Always ask for feedback on your ideas and on your writing. Comments and suggestions will help you improve your ideas and your writing. Whatever you have thought out or written, it will never be perfect the first time. This is not a failure. Even the best researchers and most brilliant minds and writers have numerous versions of their works. Everyone in academia I know has documents titled ‘final.doc’, ‘final_revised.doc’ and ‘final_rerevised.doc’ and files with extensions _v023 in their folders. Rewriting is not a sign of failure – in contrast, giving your draft to somebody else is a practice of good scholarship. Someone who does not respond well to criticism does not belong in academia.
Ask someone who is prepared to give you an honest opinion on your work. You cannot improve your work if you only get compliments and qualifications like ‘well done’. Also ask for actionable advice. Constructive feedback is more than highlighting paragraphs and adding comments such as ‘unclear’ or ‘?’.
When you ask your supervisor for help, don't say "I do not understand this" or “I do not know what to do”. Instead, explain your understanding and describe what you think you should do next, and ask what your supervisor thinks about it. Usually when you feel you are stuck you have multiple possibilities in your mind, and are just not sure which one is correct. In my experience, however, in most cases your intuition is correct, and your supervisor will confirm your hunch.

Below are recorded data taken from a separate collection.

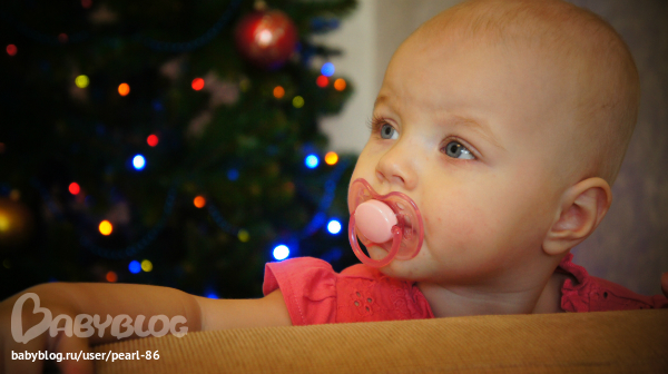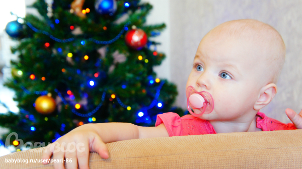 Новогодняя Аришка))) Прелесть))) Только вот с кашлем обидно((( Лечитесь, дорогие!!!Как вообще малышка на елку реагирует? Не пытается игрушки снять?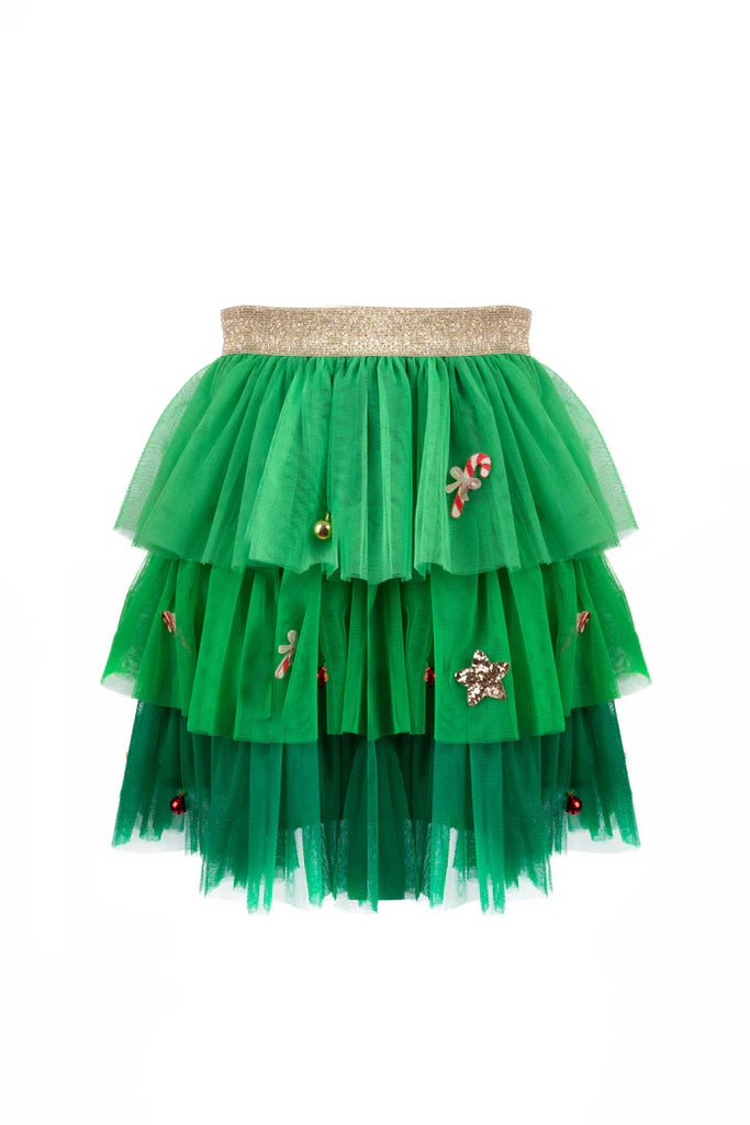 Dotée d’une base noire recouverte de rangées de sequins arc-en-ciel scintillants, elle crée des rayures étincelantes qui captivent à chaque mouvement. Sa ceinture élastique dorée assure un maintien confortable et brillant, idéale pour virevolter sur la piste ou briller sous les projecteurs.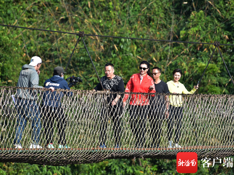 當日,攝制組一行,先后在該景區山頂公園的熱帶雨林棧道、煙波亭、過江龍索橋上取景拍攝。亞龍灣熱帶天堂森林旅游區,優美的熱帶雨林自然生態風光,深受攝制組的青睞。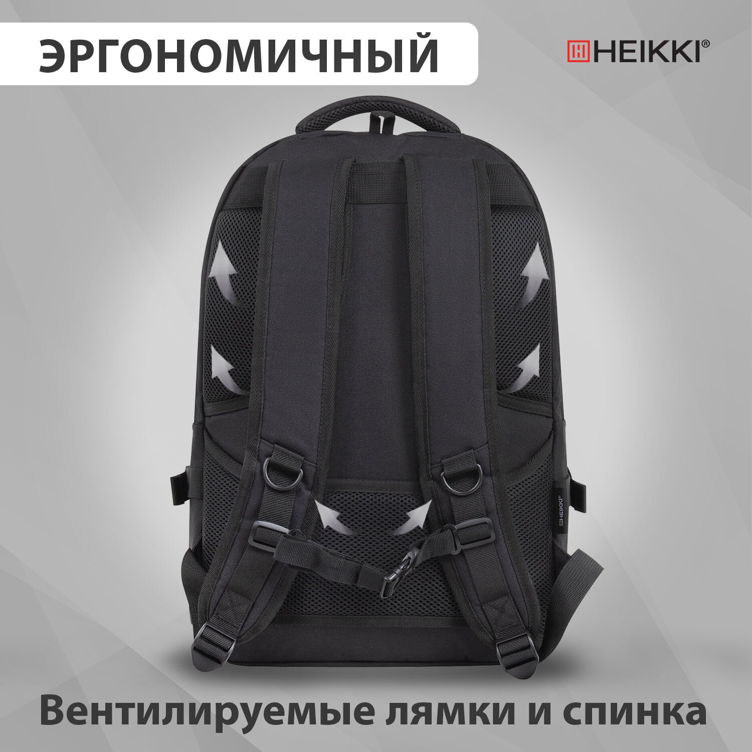 Рюкзак HEIKKI HIGH TECH (ХЕЙКИ) с отделением для ноутбука, черный, 43x28x12 см, 272589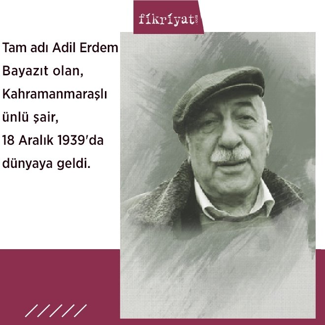 ◾ Tam adı Adil Erdem Bayazıt olan, Kahramanmaraşlı ünlü şair, 18 Aralık 1939'da dünyaya geldi. Maliye'de memur olan babası Ökkeş Tahsin Bey'in aile kökleri, Yavuz Sultan Selim'in Çaldıran Seferi dönüşünde Doğubayazıt'tan getirerek Maraş'ta iskân ettiği Bayazıtlılara dayanır.

The earlier you ask for feedback, the more helpful it will be to you. I say this because it is my experience that some students would rather present a near-final text than a very rough draft. This causes students to delay asking for feedback, while the only changes that they made in the most recent revisions were stylistic additions that did not improve the contents but merely the lay-out. If you delay asking for feedback, you will only reduce the time you have left to do anything with the feedback once you receive it.